The following table shows Oracle (source) database objects and the corresponding PostgreSQL (target) object type. To know that your DB conversion succeeded, you must thoroughly validate these objects.

Oracle Objects  Migrated to PostgreSQL as
TABLE TABLE
VIEW VIEW
MATERIALIZED VIEW MATERIALIZED VIEW
SEQUENCE SEQUENCE
SYNONYM Not available in PostgreSQL. Ignored in PostgreSQL, but can be partially achieved through Views. SET search_path can also be a work-around for synonyms.
TYPE DOMAIN/ TYPE
FUNCTION FUNCTION
PROCEDURE Not available in PostgreSQL. Achieved through PostgreSQL Functions.
PACKAGE Not available in PostgreSQL. Achieved through PostgreSQL Schemas to organize functions into groups.
TRIGGER TRIGGER

How to perform schema validation

Database migration involves lot many tasks, tools and processes. The size and type of Oracle database migration you want to do greatly determines the tools you should use.
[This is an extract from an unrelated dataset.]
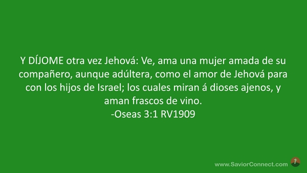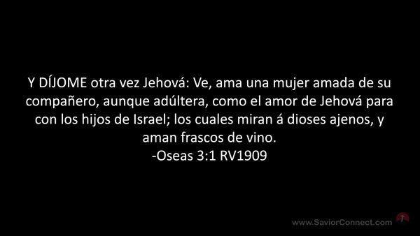 Y DÍJOME otra vez Jehová: Ve, ama una mujer amada de su compañero, aunque adúltera, como el amor de Jehová para con los hijos de Israel; los cuales miran á dioses ajenos, y aman frascos de vino. -Oseas 3:1 RV1909

For example, a heterogeneous migration, where you are migrating from an Oracle database to a different database engine on AWS, is best accomplished using AWS DMS. A homogeneous migration, where you are migrating from an Oracle database to an Oracle database on AWS, is best accomplished using native Oracle tools.

Following task list shows when you should conduct schema validation during your migration process.

  • Task 1: Configure Your Oracle Source Database
  • Task 2: Configure Your PostgreSQL Target Database
  • Task 3: Use the AWS SCT to Convert the Oracle Schema objects to PostgreSQL
  • Task 4: Manually convert Oracle schema objects those AWS SCT couldn’t convert
  • Task 5: Use AWS DMS to migrate data from Oracle to PostgreSQL
  • Task 6: Perform the schema object validation

To validate the schema conversion, compare the objects found in the Oracle database and PostgreSQL database using any query editor.

The standard validation method compares object counts in the source database against the counts in the target database. You can perform count verification for any schema object, but count validation alone does not always satisfy end users. Users often look for object definition-level verification. This is why you must write your custom queries to retrieve the data definition language (DDL) from the database and compare them.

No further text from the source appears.